3.2. Comparison of the Relative Disease Indices among Treatments

In this study, 12 agent treatments were designed to test their effectiveness in controlling Verticillium wilt. The relative disease index of all the applied treatments was less than that of the blank control (Table 5). For the three agent irrigation treatments, the disease index of the B. subtilis irrigation treatment (treatment 2) increased by 17.5 in 2021, which was the same as that of the propiconazole irrigation treatment (treatment 4). The relative disease index of the azoxystrobin irrigation treatment (treatment 3) was the highest (21.25; Table 5). In 2022 and 2023, the disease indices of treatment 2 increased by 9.72 and 1.47, respectively, which were lower than those of treatments 3 (11.66 and 2.94, respectively) and 4 (27.94 and 3.84, respectively). However, there was no significant difference among the three treatments over the three years (p > 0.05; Table 5). For the two trunk injection treatments, the disease indices of the trunk injection of carbendazim and azoxystrobin (treatment 6) in 2021 and 2023 increased by 13.75 and 3.95, respectively, which were better than those of the trunk injection of carbendazim and prochloraz (treatment 5). However, in 2022, that of treatment 5 (17.1) was lower than that of treatment 6 (19.74; Table 5).

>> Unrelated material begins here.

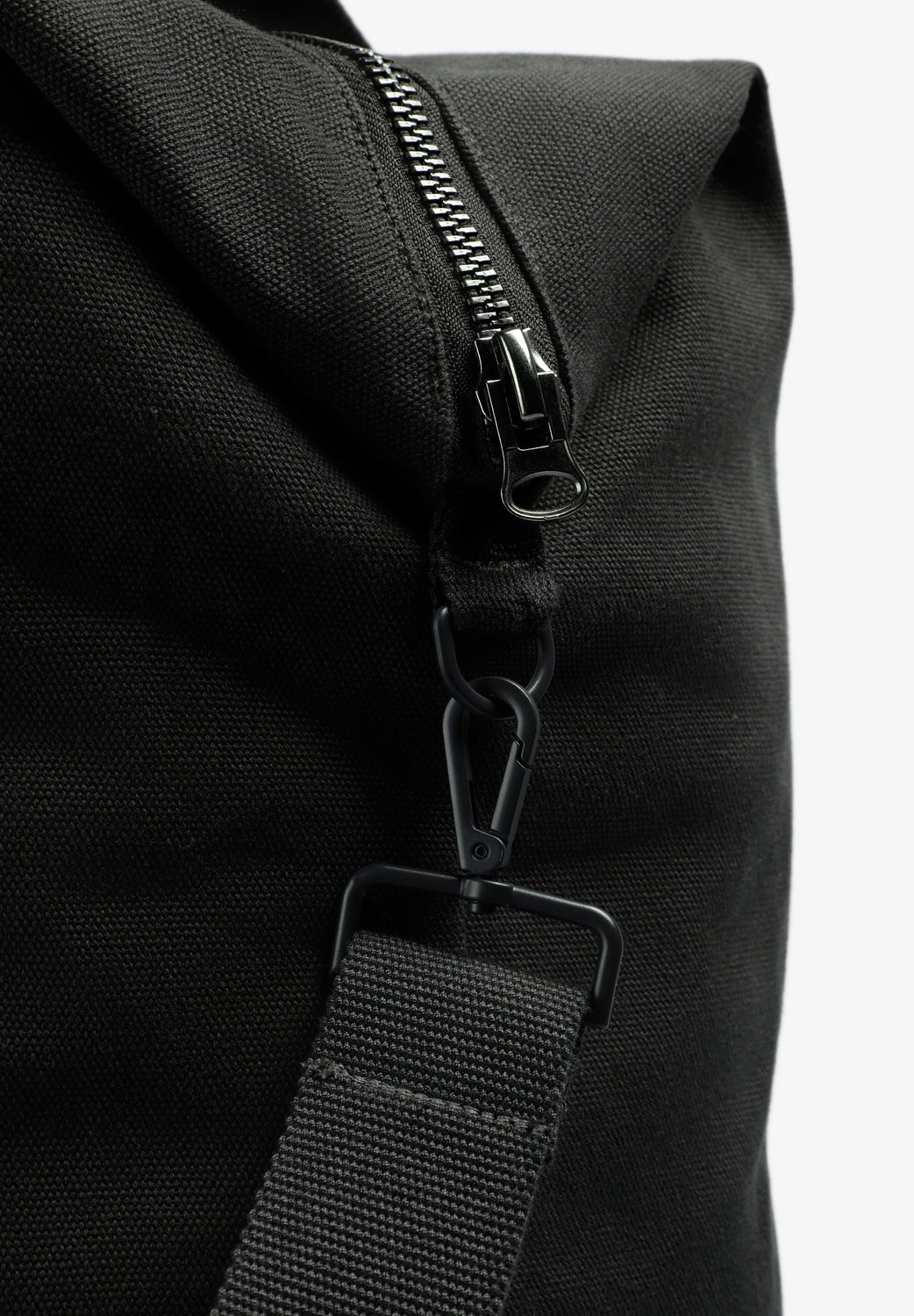 Bag made of 100% cotton. Short double handle. Long detachable strap. Contrast skull print and logo on front. Zip closure.

Among the treatments, the disease index of B. subtilis irrigation combined with the trunk injection of carbendazim and azoxystrobin (treatment 8) increased by 1.25, which was the lowest in 2021. The index of this treatment was significantly higher than those of treatments 1 and 2 (p < 0.05; Table 5). This was followed by treatment 7 (6.25) and treatment 12 (3.75). The relative disease indices of the other treatments were higher than 10 (Table 5). In the next two years, the combination of propiconazole irrigation with the trunk injection of carbendazim and prochloraz (treatment 11) exhibited the most effective control. The disease index decreased by 1.39 in 2022, which was significantly higher than that of treatments 1, 4, and 10 (p < 0.05), and decreased by 1.84 in 2023, which was significantly higher than that of treatments 1 and 10 (p < 0.05; Table 5). In addition, the relative disease indices of treatment 7 over the three years were 6.25, 10, and −0.41, which were second only to those of treatment 11 out of all the treatments (Table 5). The results of the three-year experiments are shown in Figure 1. In summary, after three consecutive years of treatment, we found that treatment 11 had the most optimal effect on the disease, followed by treatment 7.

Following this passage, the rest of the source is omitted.